Dustin, unless I'm not understanding you, this is the way virtually ALL prosumer cameras work and it's a lens design trade-off. See the following recent thread which covers the optical issues pretty thoroughly, especially Andre's and Robin's posts on the second page:

http://www.dvinfo.net/conf/showthread.php?s=&threadid=37475

Dustin Cross
January 25th, 2005, 06:57 PM
Boyd,

You are correct. It is a design of the camera and we knew about it. Having never used a camera with this design flaw though, we just didn't realize how much of an issue it was going to be.

I don't think the XL1 or DVX100 have this problem do they?

Boyd Ostroff
January 25th, 2005, 07:16 PM
Interesting... according to the DVX-100a specs you're right, it says f1.6 4.5-45mm. I didn't know that, thanks for pointing it out.

I got lost on Canon's website trying to find that spec for their lenses. I could only find the focal lengths which appeared without listing the f numbers. Perhaps Chris can shed some light on that....

Chris Hurd
January 25th, 2005, 08:16 PM
Most all Panasonic DVC and DVX series camcorders have identical max. apertures at either end of the zoom range:
the AG-DVC30, DVC60 and DVX100A are all at f/1.6 at each end, for instance.

Max. apertures on the Canon XL series tend to vary with each lens:

20x L IS is f/1.6 at full wide, f/3.5 at full tele
16x Manual is f/1.6 at full wide, f/1.6 at full tele
16x IS II is f/1.6 at full wide, f/2.6 at full tele
3x Wide is f/1.8 at full wide, f/2.2 at full tele

Canon GL1 and GL2 is f/1.6 at full wide, f/2.9 at full tele

Sony DV camcorders all have different max aps at each end:

VX2000 / VX2100 / PD150 / PD170 / DSR250 is f/1.6 at full wide, f/2.4 at full tele
PDX10 and TRV950 is f/1.6 at full wide, f/2.8 at full tele

Interesting to note that the vast majority of professional broadcast lenses, whether they're Canon or Fujinon or whether they're for 1/2-inch or 2/3-inch cameras, all will have different maximum relative apertures at each end of the lens. In other words, this is so common in the industry that the exceptions are quite rare (in fact I can't think of one off hand).

Barry Green
January 25th, 2005, 10:21 PM
DVX is 1.6 on the wide end, 2.8 on the tele end.

Chris Hurd
January 26th, 2005, 07:48 AM
To quote the late, great Johnny Carson: "I did not know that!" Thanks Barry, I was going by the specs in the manual and that info is not clearly stated.

Gabor Lacza
January 26th, 2005, 08:19 AM
Why is it better to capture the already mpeg2 encoded signal via decklink multibridge as uncompressed than via firewire ?

Christopher C. Murphy
January 26th, 2005, 09:25 AM
Speaking of the "bit" topic - check this page out today. Mike over at HD for Indies has something about FCP and "bits".

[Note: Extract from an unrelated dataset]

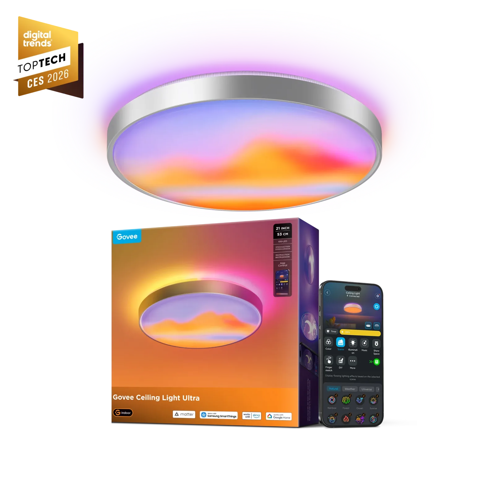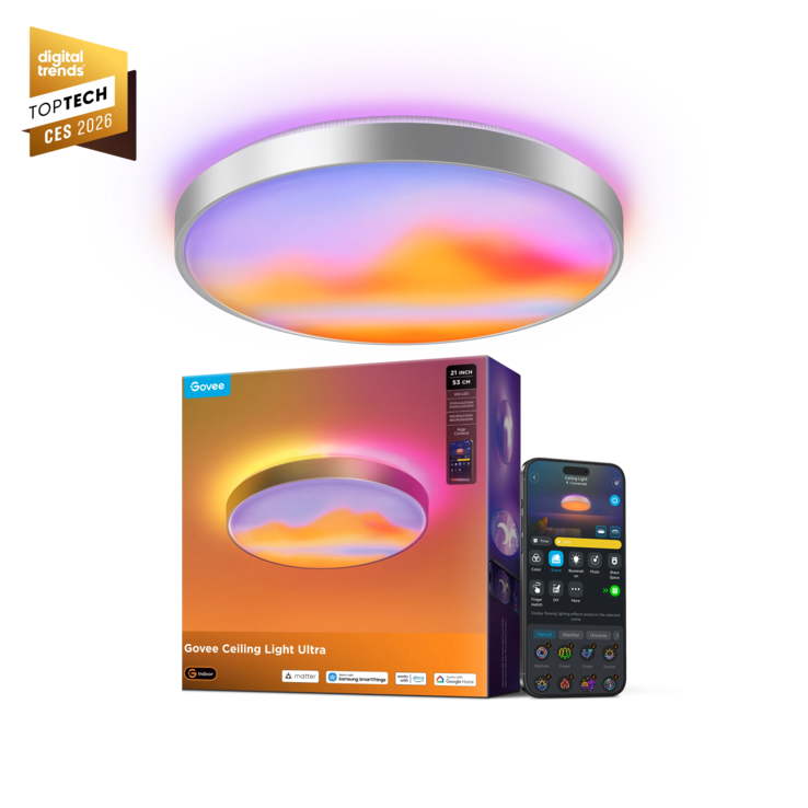 Alternatywnie, 21-calowa inteligentna lampa sufitowa Govee Ultra może być również używana jako konwencjonalna lampa pokojowa i według producenta zapewnia szczególnie naturalne oświetlenie, w tym regulację w zależności od pory dnia. Jasność sięga nawet 5000 lumenów. Nowa inteligentna 21-calowa lampa sufitowa Ultra od Govee oferuje również znaną producentowi łączność z inteligentnym domem, w tym Matter, a także sterowanie głosowe za pośrednictwem Amazon Alexa i Google Home.

http://www.hdforindies.com/

Dustin Cross
January 26th, 2005, 12:19 PM
Gabor,

The reason we went with capturing via the Multibridge is because there is no timecode in HDV. When you output the downconverted DV footage from the FX1 you get standard DV timecode.

So we are sending the component (RGB) video and composite audio (left & right) to the Multibridge. We then use the downconverted DV signal just to control playback and get timecode. The component signal is actually YUV and not RGB.

This way I can recreate my entire project by recapturing the footage later.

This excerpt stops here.